#### [Records to use]

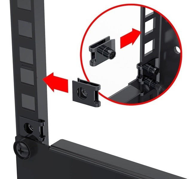 SE PUEDEN ENCAJAR FÁCILMENTE EN LOS AGUJEROS DEL RIEL CREANDO UN SOPORTE CON ROSCA ELIMINANDO LA NECESIDAD DE TUERCAS ENJAULADAS.
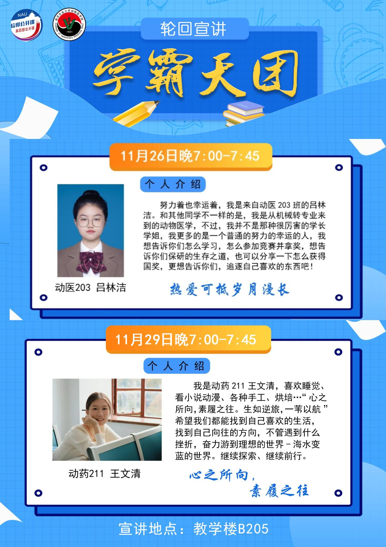 2023年11月26日与11月29日,新葡萄8883官网AMG“学霸天团”轮回宣讲活动第四期成功举办。本次活动邀请动医203吕林洁、动药211王文清两位同学,为22、23级动医学子分享自己的学习经验。
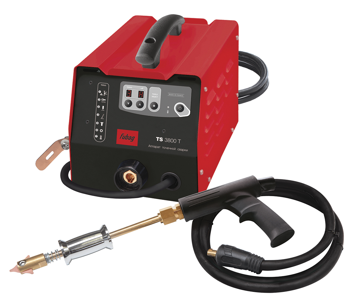 На протяжении многих лет немецкая компания Fubag доказывает, что его продукция – это качество и долголетие, благодаря своим постоянным новейшим разработкам. Споттеры TS от Fubag являются надежными и лучшими помощниками для ремонта кузовов автомобилей, устранит вмятины и любые неровности на стальной поверхности. Система настроек синергетическая, которая упрощает работу с аппаратом, его настройками режима и выбор инструмента. При помощи пистолета полностью контролируется поджиг сварной точки. При перегреве и интенсивной работе, срабатывает система защиты, что увеличивает его срок службы. Аппарат точечной сварки TS 3800 максимальный сварочный ток равен 3800 А, 380 В 2 фазы, мощность – 7,4 кВт, вес такого аппарата 23 кг.
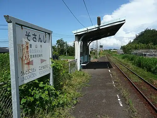 Sosanji Station (曽山寺駅, Sosanji-eki) is a passenger railway station located in the city of Miyazaki City, Miyazaki Prefecture, Japan. It is operated by JR Kyushu and is on the Nichinan Line.[1][2]
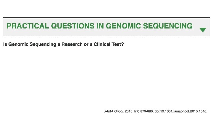 How to document and define the value of genomic profiling in cancer? • What sort of profiling? – Single gene testing – “Limited” panel testing vs. “large” panel testing – Whole exome? Whole genome? • What defines “actionability”? – Results may be interesting – but do they drive important changes in patient management?
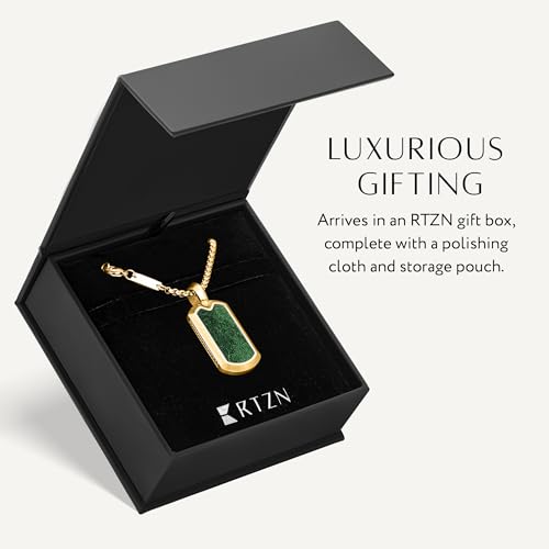 RTZN® Jade Necklace for Men – Premium Green Jade Pendant with Stainless Steel Box Chain 22" + 2" Extension – 18K Gold Plated Dog Tag, Square & Cross Pendant Necklaces – Luxurious Men's Jade Jewelry 5
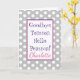 Une carte de retraite amusante avec un design à points polka sur un arrière - plan gris clair (couleur argent) avec une grande zone de texte avec une bordure violette et rose avec une citation de retraite amusante "Adieu tension, bonjour pension". Une belle carte humoristique pour la famille et les amis qui prennent leur retraite. Tout le texte peut être modifié pour customiser la carte puis personnaliser en modifiant le nom et le message à l'intérieur duquel se lit actuellement : "Je vous souhaite une longue et santé retraite! " Les couleurs peuvent également être modifiées si nécessaire, il suffit d'aller sur le bouton personnaliser plus loin.
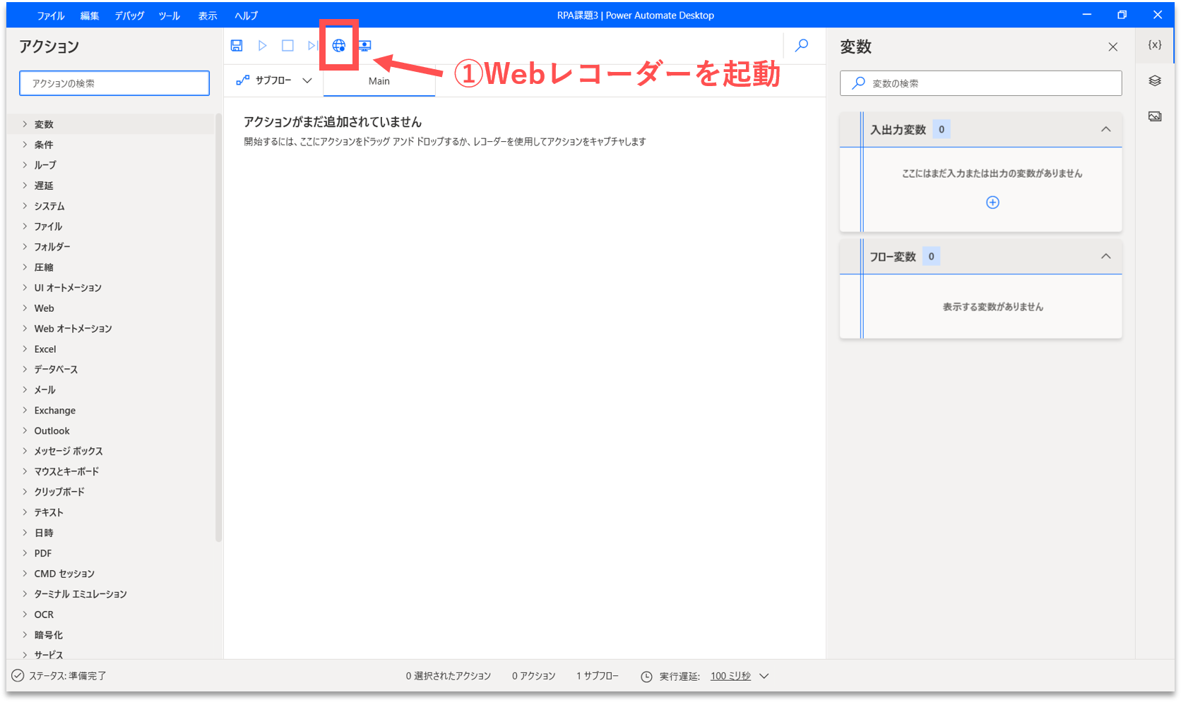 Webブラウザの操作を自動記録させるために、Webレコーダーを起動させます。上部の「Webレコーダー」アイコンをクリックします。
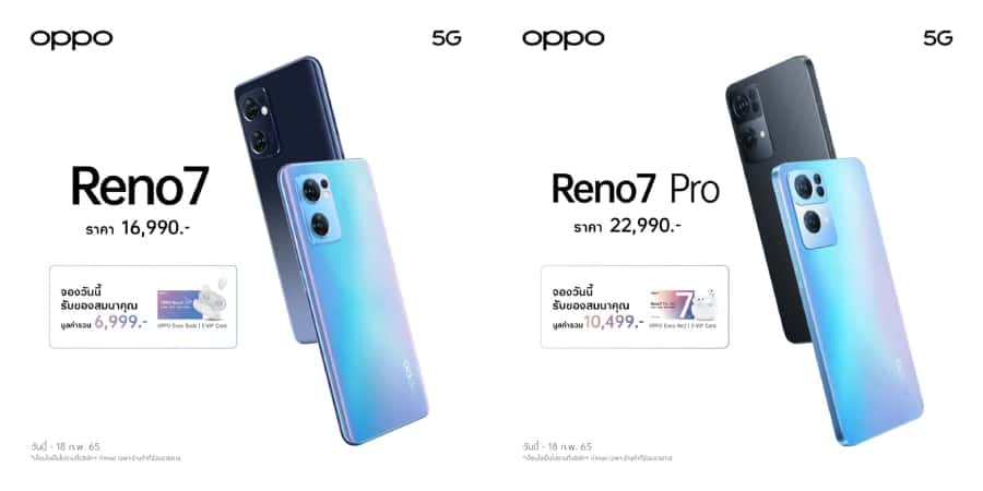 OPPO Reno7 Series 5G สมาร์ทโฟน 5G ที่ถ่ายวิดีโอพอร์ตเทรตได้ดีที่สุด ตอกย้ำความเป็น The Portrait Expert ตัวจริง วางจำหน่าย 2 รุ่น ได้แก่ OPPO Reno7 5G ราคา 16,990 บาท มีให้เลือก 2 สี ได้แก่ สีฟ้า Startrails Blue และสีดำ Starry Black ส่วน OPPO Reno7 Pro 5G ราคา 22,990 บาท มี ให้เลือก 2 สี ได้แก่ สีฟ้า Startrails Blue และสีดำ Starlight Black ผู้ที่สนใจสามารถได้แล้วตั้งแต่วันนี้ถึง 18 กุมภาพันธ์ พร้อมรับโปรโมชั่นและเซ็ตของพรีเมี่ยม สำหรับผู้ที่จอง OPPO Reno7 5G รับฟรี OPPO Enco Buds และ E-VIP Card ประกันหน้าจอแตก มูลค่ารวม 6,999 บาท และสำหรับผู้ที่จอง OPPO Reno7 Pro 5G รับฟรี OPPO Enco Air2 รุ่นใหม่ล่าสุดที่จะเปิดตัวเร็วๆ นี้ และ E-VIP Card ประกันหน้าจอแตก มูลค่ารวม 10,499 บาท และพิเศษเมื่อจองผ่านผู้ให้บริการเครือข่าย ราคาเริ่มต้นเพียง 6,990 บาท สามารถไปทดลองสัมผัสหรือเป็นเจ้าของได้แล้ววันนี้ ณ OPPO Brand Shop ทุกสาขา และตัวแทนจำหน่ายทั่วประเทศ
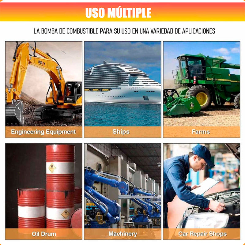 La bomba de transferencia de fluidos se utiliza con fluidos a base de aceite, combustibles para calefacción, aceites de motor, ATF, diésel y queroseno.
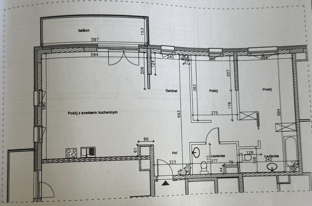 * Salonu z aneksem kuchennym (31,06 m2) i wyjściem na balkon (pow. balkonu 9,13 m2)
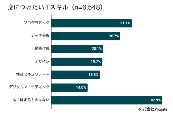全国の20歳〜65歳の会社員6,548人を対象に、基本的なPC操作を除いたITスキルを並べ、その中から身につけたいITスキルを聞いたところ、「プログラミング」が31.1%、「データ分析」が26.7%、「動画作成」が20.1%という結果だった。
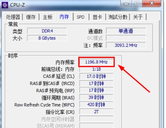 在主界面上方点击“内存”面板选项即可显示显卡的类型,通道数、内存大小等各种信息,在下方时序的红框标注中就可以看到内存频率,可能会偶尔上下波动,这就是内存频率了,如下图所示:
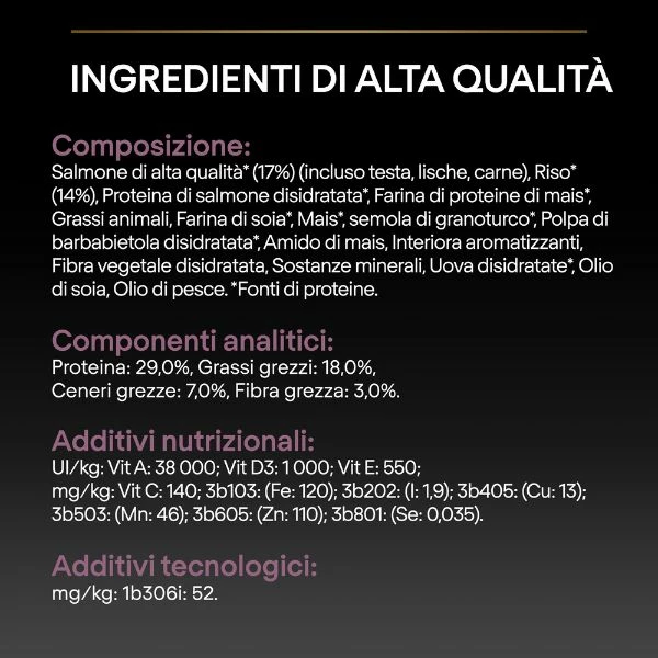 Composizione: Salmone di alta qualità * (17%) (incluso testa, lische, carne), Riso* (14%), Proteina di salmone disidratata*, Farina di proteine di mais*, Grassi animali, Farina di soia*, Mais*, semola di granoturco*, Polpa di barbabietola disidratata*, Amido di mais, Interiora aromatizzanti, Fibra vegetale disidratata, Sostanze minerali, Uova disidratate*, Olio di soia, Olio di pesce. *Fonti di proteine

#### [Task item]
Write out exactly and only the lines that run from the start of the data above through the line containing "2023年11月26日与11", leaving the pictures out.

#### [Finished task]
 SE PUEDEN ENCAJAR FÁCILMENTE EN LOS AGUJEROS DEL RIEL CREANDO UN SOPORTE CON ROSCA ELIMINANDO LA NECESIDAD DE TUERCAS ENJAULADAS.
 2023年11月26日与11月29日,新葡萄8883官网AMG“学霸天团”轮回宣讲活动第四期成功举办。本次活动邀请动医203吕林洁、动药211王文清两位同学,为22、23级动医学子分享自己的学习经验。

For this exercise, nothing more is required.